Menurutnya, dampak sebuah bencana tidak hanya dirasakan secara fisik, tetapi juga dapat memengaruhi kondisi psikologis masyarakat. Karena itu, pendampingan trauma healing menjadi bagian penting dalam membantu warga, terutama mereka yang harus meninggalkan rumah dan tinggal sementara di lokasi pengungsian.

“Kami berharap kegiatan ini dapat sedikit membantu mengurangi beban dan kecemasan masyarakat. Polres Karanganyar akan terus berkoordinasi dengan seluruh pihak terkait untuk memberikan pelayanan dan pendampingan kepada warga selama kondisi ini masih membutuhkan perhatian,” tambahnya.

Kehadiran jajaran Polres Karanganyar mendapat sambutan positif dari warga yang berada di lokasi pengungsian.
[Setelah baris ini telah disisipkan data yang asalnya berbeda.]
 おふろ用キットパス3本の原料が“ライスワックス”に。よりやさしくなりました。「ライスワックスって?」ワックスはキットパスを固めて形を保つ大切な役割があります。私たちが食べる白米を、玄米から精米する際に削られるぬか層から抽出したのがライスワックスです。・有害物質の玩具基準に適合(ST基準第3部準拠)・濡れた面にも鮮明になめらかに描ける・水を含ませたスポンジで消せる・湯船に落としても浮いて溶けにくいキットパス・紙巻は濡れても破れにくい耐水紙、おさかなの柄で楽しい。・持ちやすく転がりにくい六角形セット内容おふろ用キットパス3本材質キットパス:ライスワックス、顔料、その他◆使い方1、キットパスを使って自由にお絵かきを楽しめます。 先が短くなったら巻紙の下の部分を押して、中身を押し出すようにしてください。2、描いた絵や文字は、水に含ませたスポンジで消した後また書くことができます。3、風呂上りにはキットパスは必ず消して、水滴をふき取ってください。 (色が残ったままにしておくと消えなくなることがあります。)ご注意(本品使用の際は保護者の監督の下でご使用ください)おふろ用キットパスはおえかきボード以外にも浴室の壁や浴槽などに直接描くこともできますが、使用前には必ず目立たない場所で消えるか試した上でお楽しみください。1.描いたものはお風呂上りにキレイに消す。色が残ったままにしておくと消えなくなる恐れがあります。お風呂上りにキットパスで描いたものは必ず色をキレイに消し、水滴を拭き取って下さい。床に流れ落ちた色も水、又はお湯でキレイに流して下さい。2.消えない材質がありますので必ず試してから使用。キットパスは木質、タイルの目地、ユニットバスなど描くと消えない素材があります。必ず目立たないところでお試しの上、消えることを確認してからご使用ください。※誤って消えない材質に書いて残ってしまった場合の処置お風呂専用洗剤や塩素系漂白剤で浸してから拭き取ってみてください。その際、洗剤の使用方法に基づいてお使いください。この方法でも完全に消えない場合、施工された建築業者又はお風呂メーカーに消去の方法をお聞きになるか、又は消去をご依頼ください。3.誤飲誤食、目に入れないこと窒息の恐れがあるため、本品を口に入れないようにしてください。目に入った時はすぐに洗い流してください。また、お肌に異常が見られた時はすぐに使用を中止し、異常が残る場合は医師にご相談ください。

Warga mengaku bersyukur atas perhatian dan pendampingan yang diberikan, khususnya di tengah kondisi yang membutuhkan dukungan bersama.

Melalui kegiatan tersebut, Polres Karanganyar ingin memastikan masyarakat terdampak tidak menghadapi situasi sulit ini sendirian. Kehadiran personel Polri di tengah warga diharapkan dapat memberikan rasa aman, ketenangan, sekaligus semangat bagi masyarakat untuk menghadapi dampak kebakaran TPA Putri Cempo.

Warga juga berharap layanan kesehatan dan pendampingan psikososial dari Polres Karanganyar dapat terus diberikan selama dampak asap kebakaran masih dirasakan masyarakat.

Kegiatan pemberian bantuan dan trauma healing berlangsung dengan tertib dan lancar, sekaligus menjadi wujud nyata kepedulian Polres Karanganyar dalam memberikan pelayanan kepada masyarakat yang sedang membutuhkan.